Dataset entries:

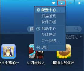 1.如果要升级快吧游戏盒,可以点击快吧游戏盒右上角的“设置”按钮(向下的三角形图标),在其下拉菜单中点击“配置中心”。
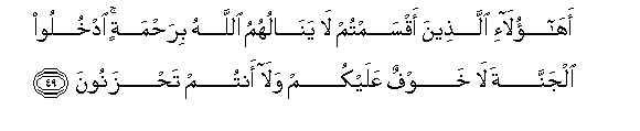 49. Ahaola-i allatheena aqsamtum la yanaluhumu Allahu birahmatin odkhuloo aljannata la khawfun AAalaykum wala antum tahzanoona
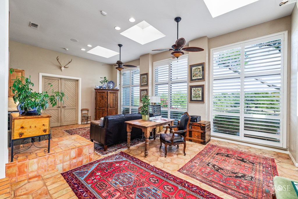 Prestigious Santa Rita Home – Luxury, Location, and Charm Located in the heart of the highly sought-after Santa Rita neighborhood, this upscale 4-bedroom, 4-bath home offers the perfect blend of elegance and comfort. Featuring two expansive master suites, each with private sitting areas, this home is ideal for multi-generational living or hosting guests in style. Step into the gourmet kitchen, thoughtfully designed to overlook two spacious living areas, creating a seamless flow for entertaining and everyday living. Soaring 12-foot ceilings throughout the home add a grand, open feel. Enjoy serene, shaded outdoor living in the beautifully landscaped backyard, which offers stunning views of Santa Rita Park. Just steps away, you'll find a lighted tennis and pickleball court, perfect for an active lifestyle. Unwind in the evenings on the oversized back patio, perfect for gatherings or quiet relaxation. This home truly has it all—location, luxury, and timeless charm.
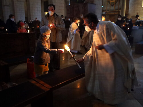 Auf der anderen Seite seien uns die Frauen mit ihren Ängsten aber auch wieder sehr nahe: „Lastet nicht auch auf uns die Sorge jenes schweren Steines, hinter dem alle Hoffnung begraben liegt?“ Die Wundmale unseres Lebens seien auch die Wunden des Karfreitags, der Nacht der Welt und in unserem Herzen. So wie das Licht der Osterkerze für sich allein das Dunkel des Domes nicht ganz ausleuchten könne, gehe auch die Nacht weiter – „doch sie ist verklärt. In ihr leuchtet die kleine Flamme von Ostern. Und dieses kleine Licht hat mehr recht als die große Dunkelheit!“, betonte der Bischof.
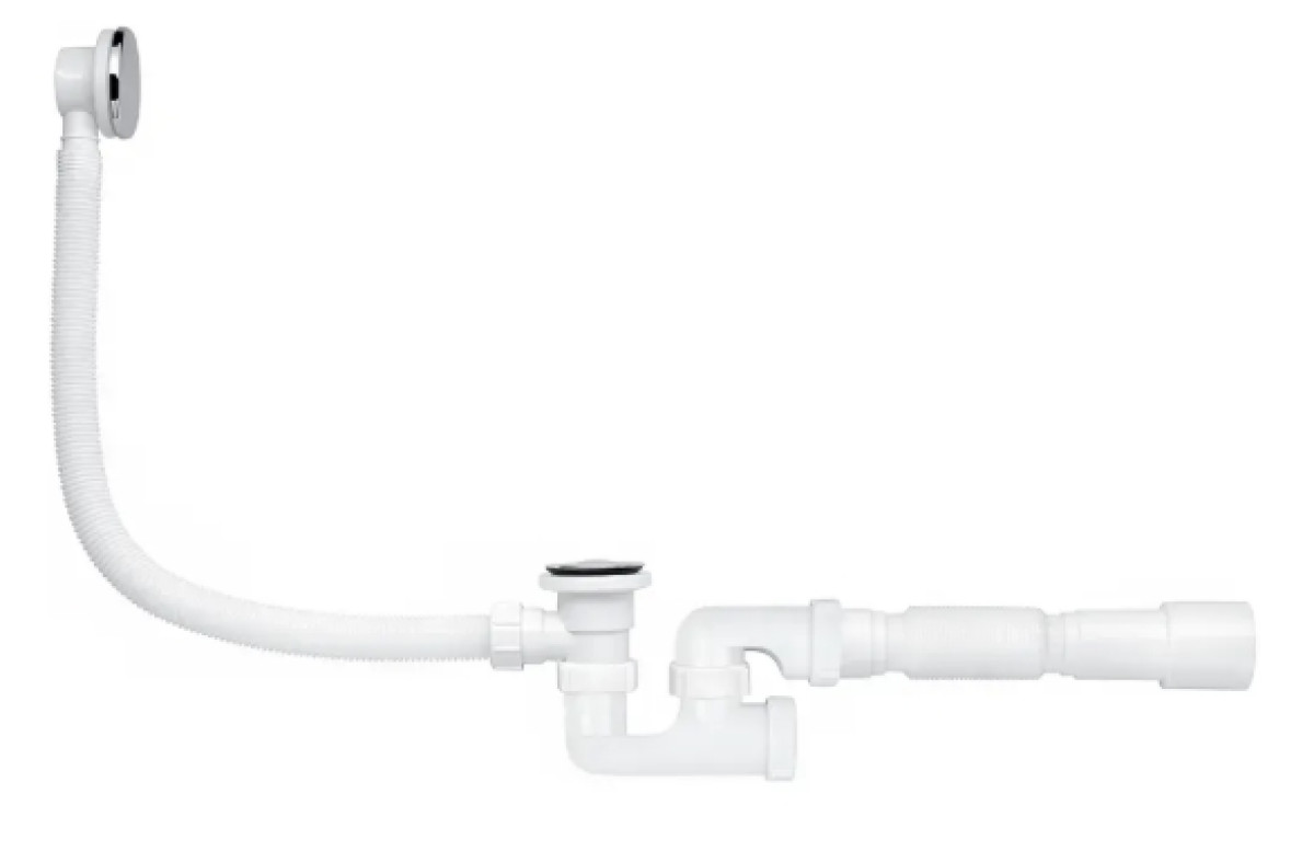 Сантехнический сифон для ванн с системой слива-перелива Click-Clack. Имеет регулируемый (вероятно, трубный) выпуск и перелив. Диаметр выпуска в канализацию 50 мм.
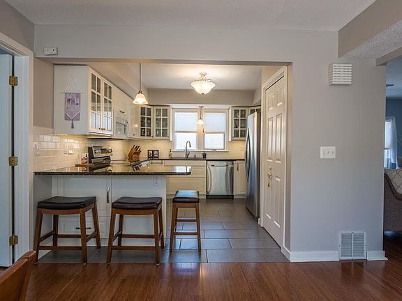 - Kit Dscrp: Countertops - Stone/Granite/Solid, Flooring - Stone/Ceramic Tile, Dining Area, Remodeled, Peninsula
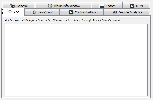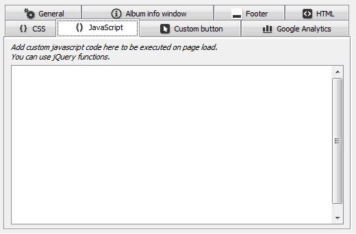 - Add HTML content in this box, which appears on a popup window, when the visitor clicks the custom button. Check out the sample album above to get the idea!
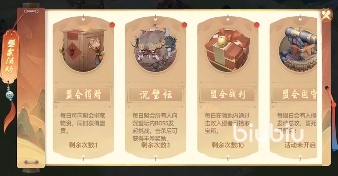 盟会战利指的是每天在领地中可以发现入侵者,将这些入侵者击败,可拾取宝箱,每天能够完成10次。沉壁坛是打BOSS活动,每天都可以挑战,击杀后获得奖励。盟会固守活动是每周日会有入侵者发动总攻,保卫盟会可获得丰厚奖励。这些活动都是盟会玩法的重要组成部分,每天都要记得参加。
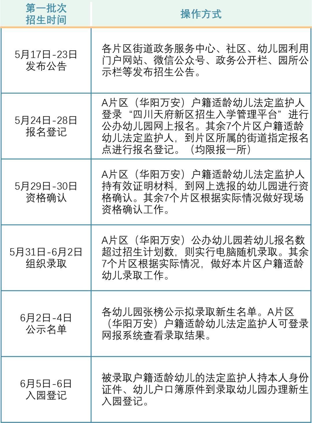 A片区(华阳万安)户籍适龄幼儿法定监护人持本人身份证和幼儿户口簿的原件、复印件(需提供户口簿首页、监护人页、幼儿页),到网上选报的幼儿园进行资格确认,并现场签定《诚信承诺书》。其余7个片区的幼儿园根据实际情况,做好现场资格确认工作。各幼儿园当场告知家长资格确认结果。
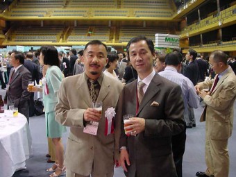 過去最大規模の参加者、素晴らしい懇親の場を提供できました。中央は特別講演の下條先生と筆者。
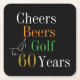 60th Birthday Golf Cheers Beers Black Gold Square Paper Coaster
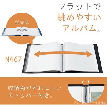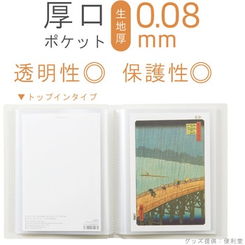 溶着部分がストッパーになりポストカードが中央にズレにくくめくりやすい。 大切なポストカードを保護できる厚口ポケット
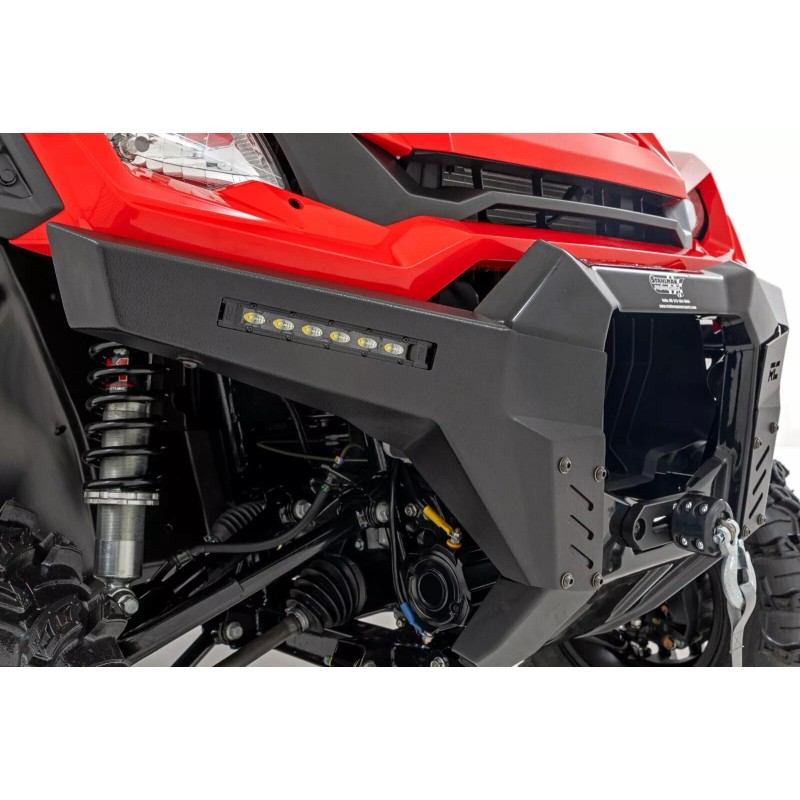 Enhance the look and capabilities of your Honda Pioneer's front bumper with Rough Country's Front Bumper Panels with 6-Inch LED Lights. This innovative add-on installs directly on to the factory bumper giving your UTV a more menacing appearance and additional front-end illumination. These durable 11-gauge steel panels offer a sleek, modern look that extends to the edge of the front end assembly.
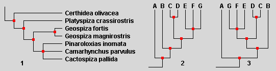 available data. In this cladogram for Darwin's Finches, the bottommost group of three species is said to be unresolved. The red dots indicate

### Problem details
Would you output only the span of the records above that opens with the line containing "49. Ahaola-i allatheena" and closes with the line containing "- Kit Dscrp: Countertops", ends included and pictures dropped?

### Response area
 49. Ahaola-i allatheena aqsamtum la yanaluhumu Allahu birahmatin odkhuloo aljannata la khawfun AAalaykum wala antum tahzanoona
 Prestigious Santa Rita Home – Luxury, Location, and Charm Located in the heart of the highly sought-after Santa Rita neighborhood, this upscale 4-bedroom, 4-bath home offers the perfect blend of elegance and comfort. Featuring two expansive master suites, each with private sitting areas, this home is ideal for multi-generational living or hosting guests in style. Step into the gourmet kitchen, thoughtfully designed to overlook two spacious living areas, creating a seamless flow for entertaining and everyday living. Soaring 12-foot ceilings throughout the home add a grand, open feel. Enjoy serene, shaded outdoor living in the beautifully landscaped backyard, which offers stunning views of Santa Rita Park. Just steps away, you'll find a lighted tennis and pickleball court, perfect for an active lifestyle. Unwind in the evenings on the oversized back patio, perfect for gatherings or quiet relaxation. This home truly has it all—location, luxury, and timeless charm.
 Auf der anderen Seite seien uns die Frauen mit ihren Ängsten aber auch wieder sehr nahe: „Lastet nicht auch auf uns die Sorge jenes schweren Steines, hinter dem alle Hoffnung begraben liegt?“ Die Wundmale unseres Lebens seien auch die Wunden des Karfreitags, der Nacht der Welt und in unserem Herzen. So wie das Licht der Osterkerze für sich allein das Dunkel des Domes nicht ganz ausleuchten könne, gehe auch die Nacht weiter – „doch sie ist verklärt. In ihr leuchtet die kleine Flamme von Ostern. Und dieses kleine Licht hat mehr recht als die große Dunkelheit!“, betonte der Bischof.
 Сантехнический сифон для ванн с системой слива-перелива Click-Clack. Имеет регулируемый (вероятно, трубный) выпуск и перелив. Диаметр выпуска в канализацию 50 мм.
 - Kit Dscrp: Countertops - Stone/Granite/Solid, Flooring - Stone/Ceramic Tile, Dining Area, Remodeled, Peninsula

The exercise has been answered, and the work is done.